What you need to do: In the material below, find the line with "Beautiful Moon Wolf" and the line with "突发:据飞行跟踪数据显示,以". Output exactly those two lines and all lines between them, leaving out pictures.

The data:

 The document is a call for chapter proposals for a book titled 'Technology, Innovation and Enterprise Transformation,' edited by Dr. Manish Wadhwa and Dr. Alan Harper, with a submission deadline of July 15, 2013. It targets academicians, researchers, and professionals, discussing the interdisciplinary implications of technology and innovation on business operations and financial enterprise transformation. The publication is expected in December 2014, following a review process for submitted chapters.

--

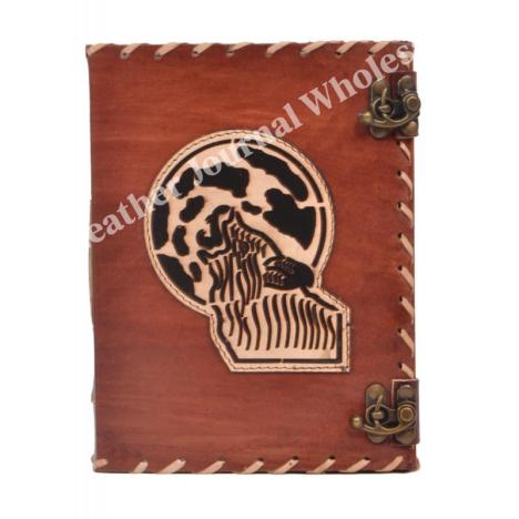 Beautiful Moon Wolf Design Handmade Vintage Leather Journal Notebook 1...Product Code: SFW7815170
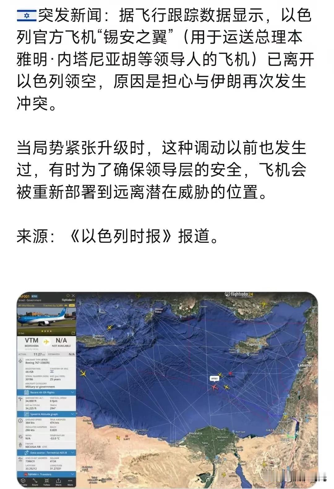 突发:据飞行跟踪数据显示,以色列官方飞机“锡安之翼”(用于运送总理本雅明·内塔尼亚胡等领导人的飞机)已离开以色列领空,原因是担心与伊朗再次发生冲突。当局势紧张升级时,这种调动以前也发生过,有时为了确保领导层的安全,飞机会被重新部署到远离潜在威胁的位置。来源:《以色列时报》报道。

* * *

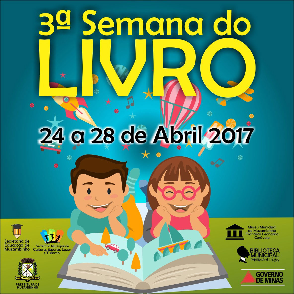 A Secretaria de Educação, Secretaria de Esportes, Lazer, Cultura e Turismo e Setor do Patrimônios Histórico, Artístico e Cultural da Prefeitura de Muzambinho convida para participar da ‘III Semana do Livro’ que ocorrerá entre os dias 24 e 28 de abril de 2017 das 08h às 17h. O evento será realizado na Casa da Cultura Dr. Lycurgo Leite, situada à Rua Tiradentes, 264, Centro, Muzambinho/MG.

Result for this exercise:
 Beautiful Moon Wolf Design Handmade Vintage Leather Journal Notebook 1...Product Code: SFW7815170
 突发:据飞行跟踪数据显示,以色列官方飞机“锡安之翼”(用于运送总理本雅明·内塔尼亚胡等领导人的飞机)已离开以色列领空,原因是担心与伊朗再次发生冲突。当局势紧张升级时,这种调动以前也发生过,有时为了确保领导层的安全,飞机会被重新部署到远离潜在威胁的位置。来源:《以色列时报》报道。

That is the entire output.